Застонав от ярости и мучительного желания, он швырнул на пол куртку с пистолетом и запустил пальцы в ее волосы. Отклонил назад ее голову. Он оттолкнул бы ее и ушел прочь, если бы она хоть на секунду взглянула на него, если бы в ее взгляде была хоть капля торжества или вызова. Вместо этого она закрыла глаза.

– Будь ты проклята, – прошептал он. – Будь я проклят.

Он с силой прильнул ртом к ее губам. Раздвигая их языком и одновременно одной рукой обнимая ее за талию, приподнимая и прижимая к себе. Ее тело, ее запах, ее вкус покончили с последними судорогами совести. Желание, какого он никогда прежде не испытывал, охватило его.

Она обняла его руками за шею и взъерошила пальцами волосы. Ее губы отвечали ему, дразняще смыкались вокруг его языка, сводили с ума, разжигали его желание проникнуть в нее, узнать ее всю.

Он двинулся вперед, на нее, пока она не уперлась спиной в стену, и просунул руки под ее топ. Под ним не было ничего, только Элиза. Он потянул топ кверху, до локтей. Обхватив одной рукой ее запястья, он втиснул их в стену высоко над ее головой.

Позже он не раз жалел, что не остановился полюбоваться ее вытянувшимся телом, разглядеть все, о чем он мечтал с той минуты, когда увидел ее на торжественном вечере. Не Раз жалел, что не позволил пальцам ощутить ее кожу, что не Прикоснулся к грудям и не стал ласкать их языком.

Но в тот момент им двигала первобытная жажда обладать ею. Он сунул руку ей под юбку и стиснул ягодицы, полностью обнаженные. Рыча проклятия, а может, и слова отчаянной молитвы, он подхватил ее на руки и понес к дивану.

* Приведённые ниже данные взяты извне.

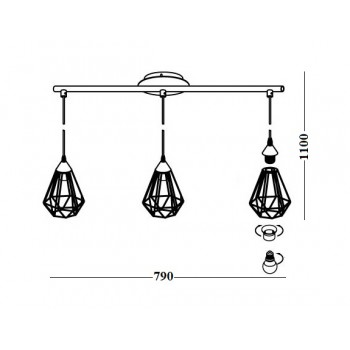 Vintage-Pendelleuchte Eglo aus schwarzem Metall mit drei Lichtpunkten 220-240 V IP20

Опустив ее, он сдернул с нее топ и отшвырнул в сторону. Нетерпеливо сорвал наплечную кобуру и бросил на пол. Опершись коленом о диван, он задрал юбку до самой талии сдернул трусики-стринги и уже не мог оторваться от клочка мягких волос между ее бедрами. Хрипло дыша – больше ничто не нарушало тишины в комнате, – он прорвался сквозь ремень и «молнию», раздвинул ее бедра и вонзился в нее.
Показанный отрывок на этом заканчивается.